Here Sharding has been built, the above is just the simplest way to build, some of the configuration is still using the default configuration. If set incorrectly, will lead to inefficient, so we recommend that you look at the official documents and then make the default configuration changes.

Master-slaver

This is the simplest answer to the cluster building, but the exact said can not be considered a cluster, can only be said to be the main preparation. And the official has not recommended this way, so here is just a simple introduction, the construction method is relatively simple.

[Plain]View Plaincopy
    1. ./mongod--master--dbpath/data/masterdb/#主节点
    2. ./mongod--slave--source <masterip:masterport>--dbpath/data/slavedb/standby node
Basically as long as the main node and the standby node to execute the two commands, master-slaver even if the build is complete. I have not tried to see if the primary node can become the primary node, but since it has not been recommended, we do not need to use it.

Above three kinds of cluster construction mode is preferred replica Set, only really big data, sharding can show the power, after all, it takes time to synchronize data with the node. Sharding can compare multiple pieces of data to a routing node and then return the data to the client, but the efficiency is still relatively low.

I have tested it myself, but I don't remember the exact machine configuration. Replica set of IPs in the data reached 1400w, the basic can reach about 1000, and sharding in 300w has dropped to 500ips, the unit data size is probably 10kb. Everyone in the application time or a lot of performance testing, after all, unlike Redis has benchmark.

MongoDB is still a lot of use, but the individual feel that there are too many configurations .... I crossing the net to see a lot of days before the cluster configuration and attention points to understand. and used people should know MongoDB eat memory problem, solution can only through Ulimit to control memory usage, but if control is not good, MongoDB will hang off ...

After a while I will write an article about the project to use MongoDB involved in the specific business, you are interested to pay attention to.

Three ways to build a MongoDB cluster

Related Article

Contact Us

The content source of this page is from Internet, which doesn't represent Alibaba Cloud's opinion; products and services mentioned on that page don't have any relationship with Alibaba Cloud. If the content of the page makes you feel confusing, please write us an email, we will handle the problem within 5 days after receiving your email.

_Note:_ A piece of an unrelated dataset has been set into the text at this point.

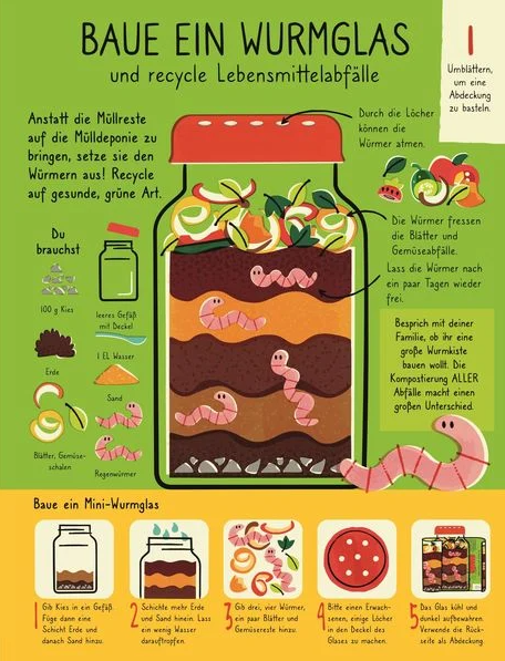 Jeder Schnipsel ist wiederverwendbar oder recyclebar - sogar der Buchrücken, Cover und all die kleinen ausgeschnittenen Teile! Jede Seite verwandelt sich in ein Projekt, das die Welt ein bisschen besser macht: Von Plastik-Checklisten über Insektenhotel-Zimmer bis hin zu Samenpflanzenschalen.

If you find any instances of plagiarism from the community, please send an email to: info-contact@alibabacloud.com and provide relevant evidence. A staff member will contact you within 5 working days.

A Free Trial That Lets You Build Big!

Start building with 50+ products and up to 12 months usage for Elastic Compute Service

  • Sales Support

    1 on 1 presale consultation

  • After-Sales Support

    24/7 Technical Support 6 Free Tickets per Quarter Faster Response

  • Alibaba Cloud offers highly flexible support services tailored to meet your exact needs.